*Required action:*
All of the data below should come back exactly as written, minus its images.

*Data shown:*
━━━━━━━━━━━━━━━━━━━━━━━━━━━━━━

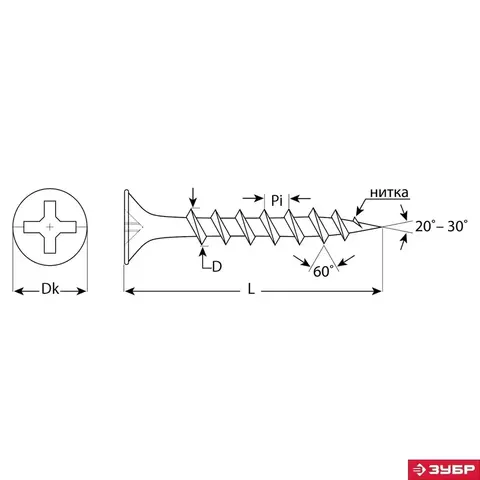 ЗУБР 152 х 4.8 мм, 400 шт., СГД саморезы гипсокартон-дерево 300035-48-152 Профессионал.
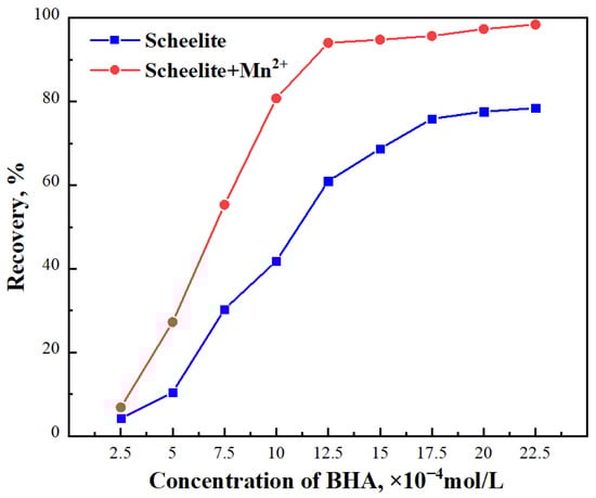 Effect of BHA concentration on the recovery of scheelite flotation.
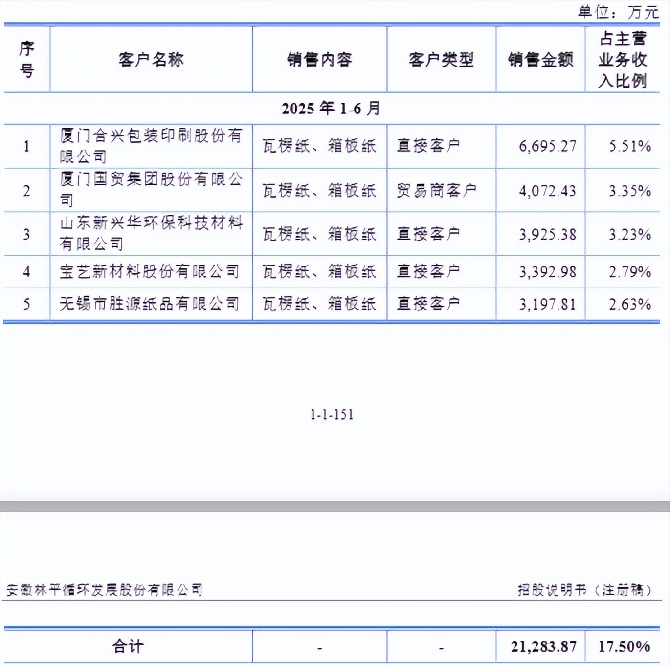 经过二十余载在造纸行业的深耕,林平发展已积淀深厚的品牌影响力,与国内众多知名企业均建立起长期稳定的合作关系。招股说明书显示,公司2025年上半年的前五大客户包括合兴包装、厦门国贸、山东新兴华、宝艺股份以及无锡胜源,其中合兴包装、厦门国贸均为A股上市公司;且各客户销售金额占比均低于6%,表明公司客户结构分散合理,不存在对单一客户的重大依赖,有效保障了经营业绩的稳定性与可持续性。

━━━━━━━━━━━━━━━━━━━━━━━━━━━━━━

*Exercise solution:*
 ЗУБР 152 х 4.8 мм, 400 шт., СГД саморезы гипсокартон-дерево 300035-48-152 Профессионал.
 Effect of BHA concentration on the recovery of scheelite flotation.
 经过二十余载在造纸行业的深耕,林平发展已积淀深厚的品牌影响力,与国内众多知名企业均建立起长期稳定的合作关系。招股说明书显示,公司2025年上半年的前五大客户包括合兴包装、厦门国贸、山东新兴华、宝艺股份以及无锡胜源,其中合兴包装、厦门国贸均为A股上市公司;且各客户销售金额占比均低于6%,表明公司客户结构分散合理,不存在对单一客户的重大依赖,有效保障了经营业绩的稳定性与可持续性。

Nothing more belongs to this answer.